▶ [How to complete this task] Give back exactly the lines of the entries below from the line with "柔らかく包み込むような丸みを" to the line with "今日の朝は「読書タイム」。1", inclusive, and only those.

▶ [Material for this task]
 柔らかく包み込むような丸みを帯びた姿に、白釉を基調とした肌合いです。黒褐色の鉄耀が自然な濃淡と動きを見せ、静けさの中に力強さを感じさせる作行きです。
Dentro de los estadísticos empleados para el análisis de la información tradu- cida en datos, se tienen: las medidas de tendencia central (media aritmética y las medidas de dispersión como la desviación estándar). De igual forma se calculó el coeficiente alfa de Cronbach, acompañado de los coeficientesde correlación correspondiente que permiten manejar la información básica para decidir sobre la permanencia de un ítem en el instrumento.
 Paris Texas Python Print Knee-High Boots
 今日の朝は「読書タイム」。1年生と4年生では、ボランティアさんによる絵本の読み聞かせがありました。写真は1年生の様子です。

---

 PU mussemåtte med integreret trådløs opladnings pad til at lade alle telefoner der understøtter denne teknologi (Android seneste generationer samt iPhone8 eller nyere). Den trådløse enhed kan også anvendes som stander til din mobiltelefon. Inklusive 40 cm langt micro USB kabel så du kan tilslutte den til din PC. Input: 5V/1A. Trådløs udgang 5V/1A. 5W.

▶ [Task answer]
 柔らかく包み込むような丸みを帯びた姿に、白釉を基調とした肌合いです。黒褐色の鉄耀が自然な濃淡と動きを見せ、静けさの中に力強さを感じさせる作行きです。
Dentro de los estadísticos empleados para el análisis de la información tradu- cida en datos, se tienen: las medidas de tendencia central (media aritmética y las medidas de dispersión como la desviación estándar). De igual forma se calculó el coeficiente alfa de Cronbach, acompañado de los coeficientesde correlación correspondiente que permiten manejar la información básica para decidir sobre la permanencia de un ítem en el instrumento.
 Paris Texas Python Print Knee-High Boots
 今日の朝は「読書タイム」。1年生と4年生では、ボランティアさんによる絵本の読み聞かせがありました。写真は1年生の様子です。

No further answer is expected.